The system mainly consists of the following phases:

  1. 1.

    Feature extraction—Forming feature vectors of the features extracted from the audio file.

  2. 2.

    ML classifiers—ML classifiers are trained on the extracted features and an ensemble of the best performing models is taken to determine the emotion of the speech.

The aim of this work is to:

  1. 1.

    Experiment with Random Forest, Gradient Boosting, Support Vector Machine, Naive Bayes, and Logistic Regression methods for classifying speech emotions.

  2. 2.

    Experiment with ensemble of methods.

  3. 3.

    Compare the performance with the accuracy of each method.

  4. 4.

    Classify the emotions as angry, happy, sad, neutral, frustrated, excited, fearful, surprised, and disgusted.

  5. 5.

    Evaluate the method on the iemocap dataset

  6. 6.

    Apply the handcrafted features with state-of-the-art features.

  7. 7.

    Compare model performance applying MFCC and handcrafted features.

2 Related Work

Research on the recognition of the human voice has been conducted since the fifties. The applications of speech emotion sentiment analysis in the real-world market do not seem to be as fast as the study. Speech Emotion Recognition is one of the ways of extracting the semantics from the speech that adds more information to the analysis and thus improving the performance of speech recognition systems.

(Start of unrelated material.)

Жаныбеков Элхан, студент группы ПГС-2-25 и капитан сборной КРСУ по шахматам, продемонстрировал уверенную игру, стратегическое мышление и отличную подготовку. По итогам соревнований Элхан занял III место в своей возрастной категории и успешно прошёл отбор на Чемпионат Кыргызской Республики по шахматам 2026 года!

Consider the example of an English word “OKAY” which can be interpreted differently with respect to how it is used in a conversation. It can mean sanction, disbelief, consent, endorsement, indorsement, warrant, admiration, disinterest, or assertion. Understanding of the word when spoken out loud by a human to human can be interpreted very flawlessly; on the contrary, in a human to computer conversation, it can be misinterpreted, or the computer cannot comprehend with the utmost perfection. Therefore, just processing the text itself is not enough to understand the semantics of the actual spoken statement or speech. The processing of non-linguistics information such as emotion is crucial. The non-linguistics in various cases can be observed through Facial expressions in videos, Expression of emotions in speech, and Punctuation in text. SER research has been progressing with human-centered computing. Mimicking the human perception mechanism is the main objective of an SER. In an SER, when human–machine interaction is taken under consideration, the challenge is of detection of emotion in the speech; for detecting these features, the identification of acceptable features which characterize the distinct emotions, along with the features, right models also need to be identified to extract information specific to the emotions from the extracted speech features [7].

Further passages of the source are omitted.